Let me begin with the most important politician of Pakistan until now – Zulfikar Ali Bhutto. He was a popular leader in the then West Pakistan and later Pakistan 40 odd years ago. He laid his life as a brave man fighting for the inalienable right of citizens to have a democratic dispensation, elected government, representative parliament and civilian supremacy. Bhutto still captures people’s imagination like no other for not only achieving something for the benefit of the poor and the disadvantaged but also bringing a transformational change in working people’s consciousness.
But Bhutto virtually began his career under the tutelage and patronage of Pakistan’s first martial law dictator, Gen Ayub Khan. He served as one of the youngest members of the general’s cabinet. Then he parted ways and founded his own party. He switched sides and rode the wave created by the left wing movement of the 1960s, with which he had little to do before. Once in power, he steered the process of promulgating a new constitution of the republic. But soon after, it was the parliament he dominated as its leader of the house that ex-communicated a group of Pakistani citizens.

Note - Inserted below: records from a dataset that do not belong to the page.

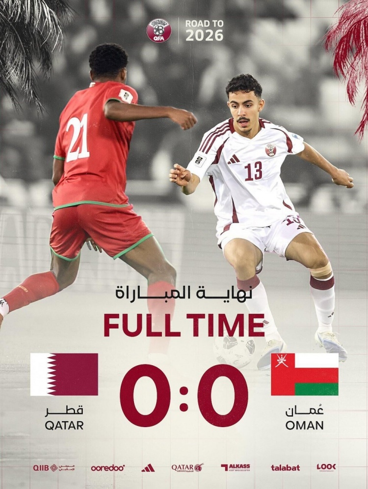 全场比赛结束,阿曼0-0卡塔尔。
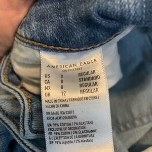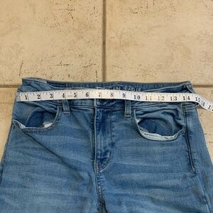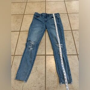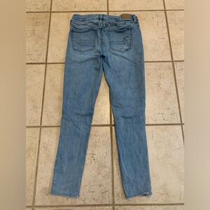 American Eagle, AE, Skinny Jeans, Super Stretch, Raw Hem, Distressed, Light Wash, Medium Wash, Denim, Jeans, Casual, Everyday, Size 8, Regular, Comfort, Stretchy, Essentials.
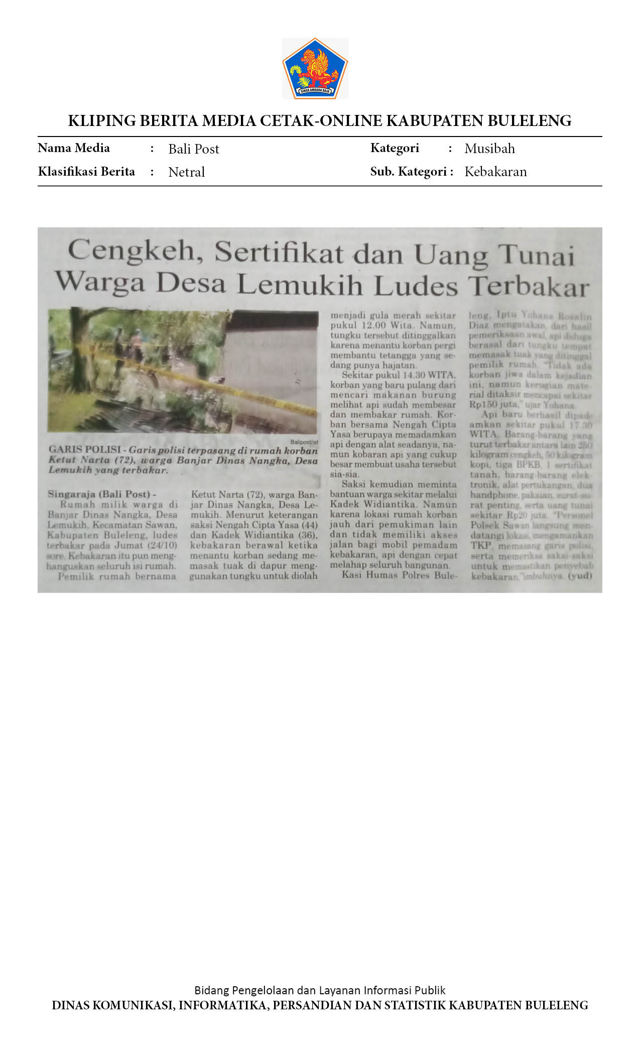 Cengkeh, Sertifikat dan Uang Tunai Warga Desa Lemukih Ludes Terbakar
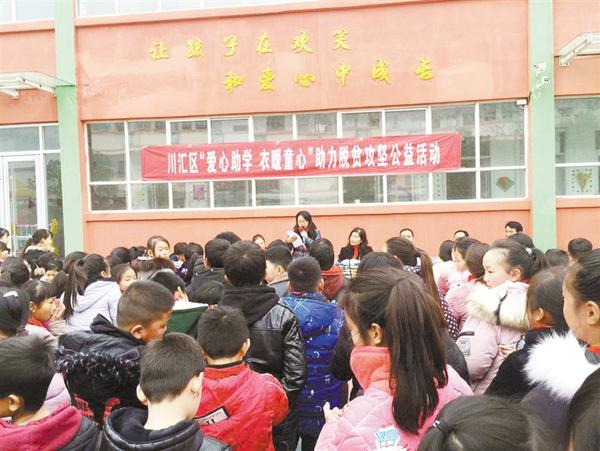 图一:12月21日下午,川汇区“爱心助学 衣暖童心”助力脱贫攻坚公益活动暨党庄小学校服捐赠仪式举行。区委常委刘娟出席捐赠仪式。本次活动由共青团川汇区委、区妇联合举办,共为党庄小学学生捐赠校服350套,价值4万元。
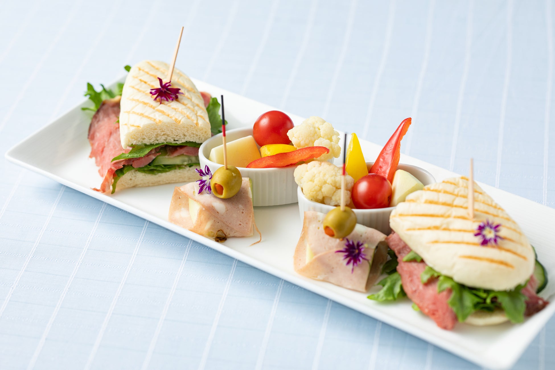 中段のセイボリーでは、”コールドビーフのパニーニ”、スイーツの口直しにもぴったりの “小笠原産青パパイヤと野菜のピクルス”と“フレッシュメロンとモルタデラのピンチョス”がラインアップ。このセイボリーのピクルスは、東京都小笠原産の青パパイヤを使用。小笠原の太陽をたっぷり浴びて育った青パパイヤのシャキシャキとした食感は注目です。
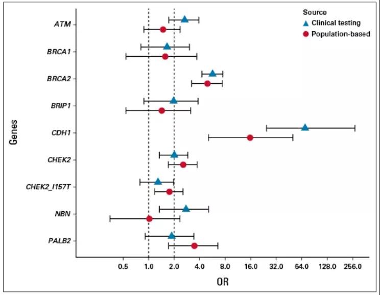 在病例对照分析中,与对照组相比,CDH1和BRCA2突变与乳腺小叶浸润癌的高风险相关(OR>4),CHEK2、ATM和PALB2突变与中度风险相关(OR=2-4)。BRCA1和CHEK2 短臂Ile157Thr变异与乳腺小叶浸润癌的临床相关风险无关(OR<2)。
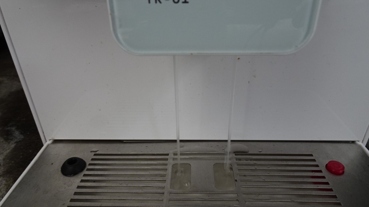 This unit has been tested and powers on properly. Touchscreen responds correctly and all drink options display as shown. The machine dispenses water and milk, and internal components appear intact.

Under pressure from the right-wing opposition, he who was never hypocritical about enjoying his drink, introduced prohibition.
I can also argue that Pakistan’s security paradigm, for which the military is blamed solely by many, was in fact defined by Zulfikar Ali Bhutto – from the ‘Crush India Movement’ to a nuclear and strategic weapons programme to a military operation in Balochistan to investing in an Islamic bloc and propagating the idea of an Ummah in the name of faith.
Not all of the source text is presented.